Ideal for Lightweight, Flexible, and Modern VM Management: KubeVirt is well-suited for scenarios requiring lightweight, flexible, and modern virtual machine management. Users can run their virtual workloads alongside container workloads, managing them in the same manner. They can also leverage familiar cloud-native tools such as Tekton, Istio, ArgoCD, and more, which are already favored by cloud-native users.

What‘s new in kubeVirt 1.0 ？

In POC phase, two RPM-based packages and six container images were used, providing an extension for virtual machine management within Kubernetes:

kubevirt-virtctl: This package can be installed on any machine with administrator access to the cluster. It contains the virtctl tool, which simplifies virtual machine management using kubectl. While kubectl can be used for this purpose, managing VMs can be complex due to their stateful nature. The virtctl tool abstracts this complexity, enabling operations like starting, stopping, pausing, unpausing, and migrating VMs. It also provides access to the virtual machine’s serial console and graphics server.
kubevirt-manifests: This package contains manifests for installing KubeVirt. Key files include kubevirt-cr.yaml, representing the KubeVirt Custom Resource definition, and kubevirt-operator.yaml, which deploys the KubeVirt operator responsible for managing the KubeVirt service within the cluster.

The container images are as follows:

virt-api: Provides a Kubernetes API extension for virtual machine resources.
virt-controller: Watches for new or updated objects created via virt-api and ensures object states match the requested state.
virt-handler: A DaemonSet and node component that keeps cluster-level virtual machine objects in sync with libvirtd domains running in virt-launcher. It can also perform node-centric operations like configuring networking and storage.
virt-launcher: A node component that runs libvirt and QEMU to provide the virtual machine environment.
virt-operator: Implements the Kubernetes operator pattern for managing the KubeVirt application.
libguestfs-tools: Provides utilities for accessing and modifying VM disk images.

The v1.0 release signifies significant growth for the KubeVirt community, progressing from an idea to a production-ready Virtual Machine Management solution over the past six years. This release emphasizes maintaining APIs while expanding the project. The release cadence has shifted to align with Kubernetes practices, enabling better stability, compatibility, and support.

The project has embraced Kubernetes community practices, including SIGs for test and review responsibilities, a SIG release repo for release-related tasks, and regular SIG meetings covering areas like scale, performance, and storage.

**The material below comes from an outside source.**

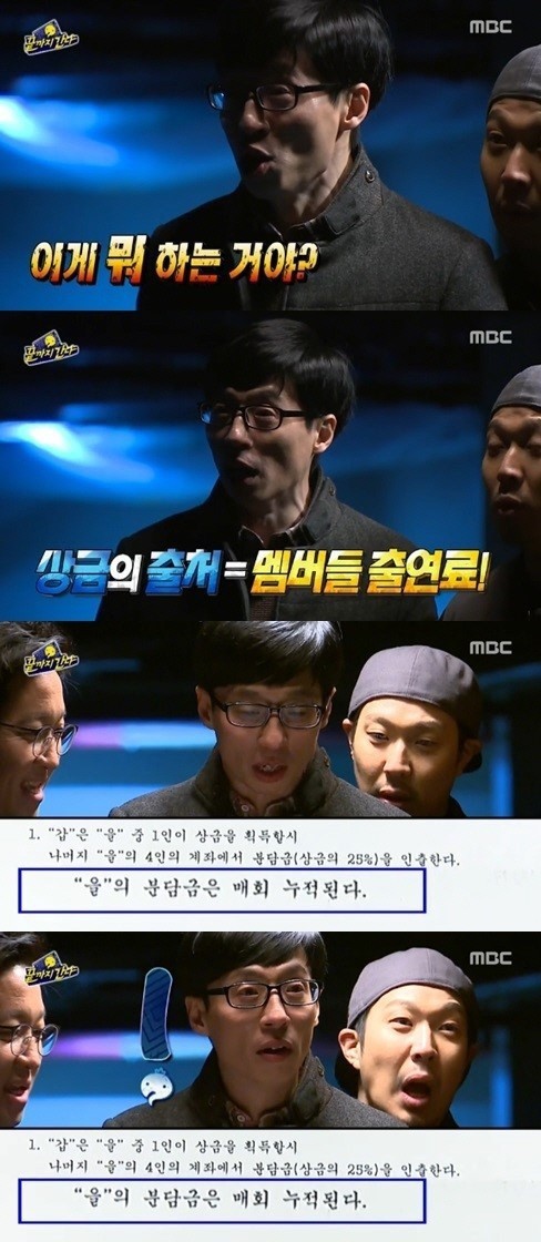 정준하가 상금을 타자 다른 멤버들에게는 문자가 날아왔다. 유재석이 받은 문자에는 “정준하가 가져간 상금 100만원 중 1/4인 25만원이 유재석의 MBC 출연료 계좌에서 인출된다”고 적혀 있었다. 알고 보니 상금은 멤버들 출연료에서 지급된다는 내용이 프로그램 직전 작성된 계약서에 포함돼 있었던 것.

Notable features in v1.0 include memory over-commit support, persistent vTPM for easier BitLocker usage on Windows, initial CPU Hotplug support, hot plug, and hot unplug (in alpha), and further developments in API stabilization and SR-IOV interface support.

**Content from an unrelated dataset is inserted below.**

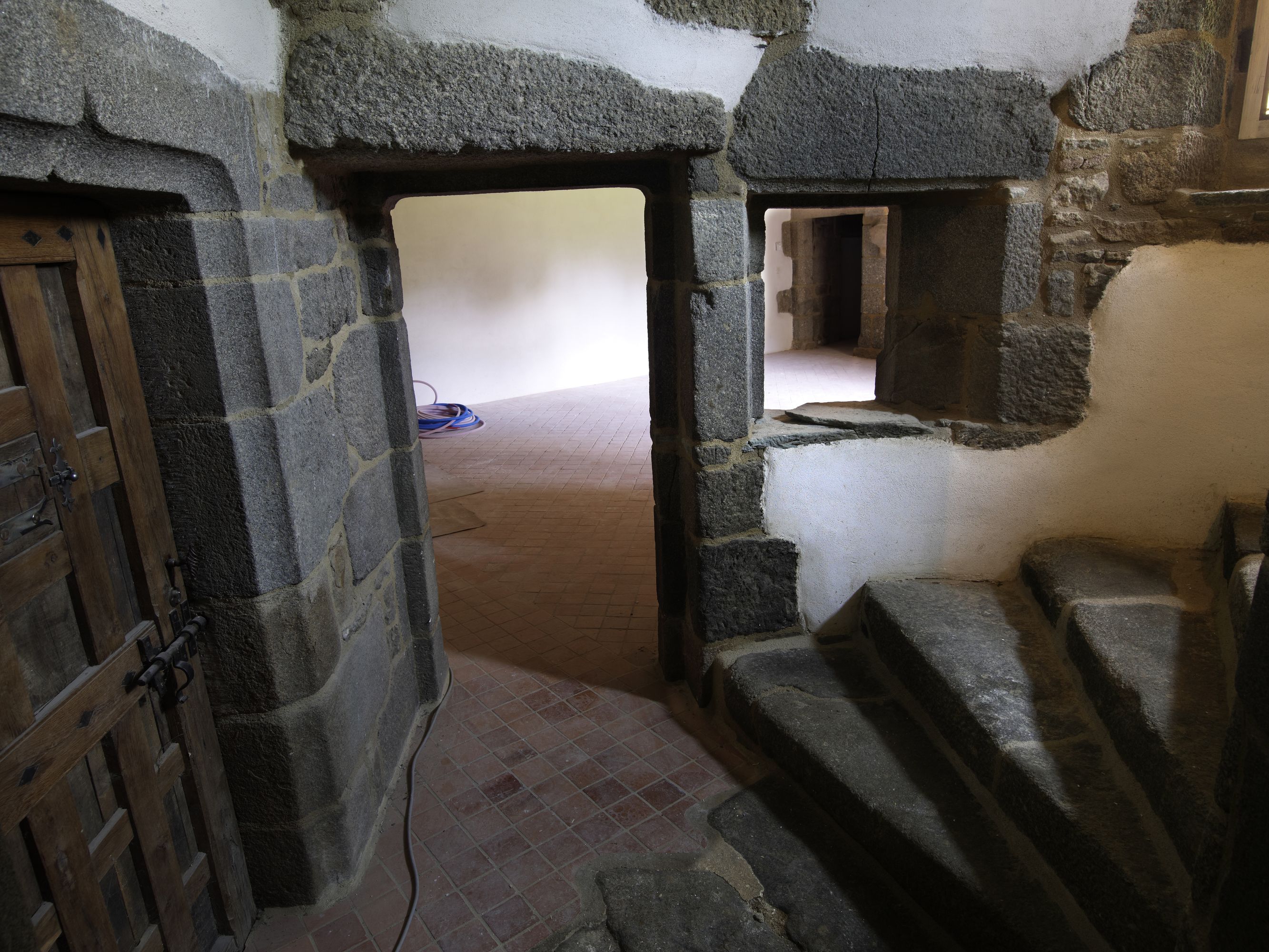 Caouënnec-Lanvezeac, Runoden : manoir, tour d'escalier en vis, porte de la cuisine et passe-platImmatriculation

The focus is on aligning KubeVirt with Kubernetes and fostering community collaboration to enhance virtual machine management within the Kubernetes ecosystem.

What issues in kubeVirt 1.0？

CgroupV2 support

When using cgroup v2, starting a VM with a non-hotpluggable volume can be problematic because cgroup v2 doesn’t provide information about the currently allowed devices for a container. KubeVirt addresses this issue by tracking device rules internally using a global variable:

/kubevirt/7/pkg/virt-handler/cgroup/cgroup_v2_manager.go#L10

var rulesPerPid = make(map[string][]*devices.Rule)

However, this approach has some drawbacks:

The variable won’t survive a crash or restart of the virt-handler pod, resulting in data loss.
The state is stored in a dynamic structure (a map), and stale data is not removed, causing memory consumption to continuously increase.

A potential solution is to store the state in a file, for example, /var/run/kubevirt-private/devices.list. This file should be updated each time a device is added or removed. Additionally, it should be removed when the corresponding VM is destroyed, or periodic cleanup can be performed. The file can follow the same data format as devices.list on cgroup v1 hosts, allowing the same code to parse the current state for both v1 and v2.

However, managing the file introduces the challenge of performing transactions, i.e., applying actual device rules and writing the state to the file atomically.

You can find more details and discussions about this issue in GitHub issue #7710.

Cilium Support

cilium multi-homing

In Kubernetes, each pod typically has only one network interface (aside from a loopback interface). Cilium-native multi-homing aims to enable the attachment of additional network interfaces to pods. This functionality is similar to what the Multus CNI offers, which allows the attachment of multiple network interfaces to pods. However, Cilium-native multi-homing distinguishes itself by relying exclusively on the Cilium CNI as the sole CNI installed.

This feature should provide robust support for all existing Cilium datapath capabilities, including network policies, observability, datapath acceleration, and service discovery. Furthermore, it aims to offer a straightforward developer experience that aligns with the simplicity and usability that Cilium already provides today.

multus

When utilizing Cilium version 1.14.0 alongside multus-cni, there seems to be an issue where the secondary interface does not become visible. Here’s a list of files you can find under the /etc/cni directory after installing multus in a Cilium 1.14 environment:

$ ls -l
/etc/cni/net.d/05-cilium.conflist
/etc/cni/net.d/00-multus.conf.cilium_bak
/etc/cni/net.d/100-crio-bridge.conflist.cilium_bak
/etc/cni/net.d/200-loopback.conflist.cilium_bak
/etc/cni/net.d/multus.d/multus.kubeconfig

The issue with multus installation in Cilium 1.14 has been resolved by setting cni.exclusive to false.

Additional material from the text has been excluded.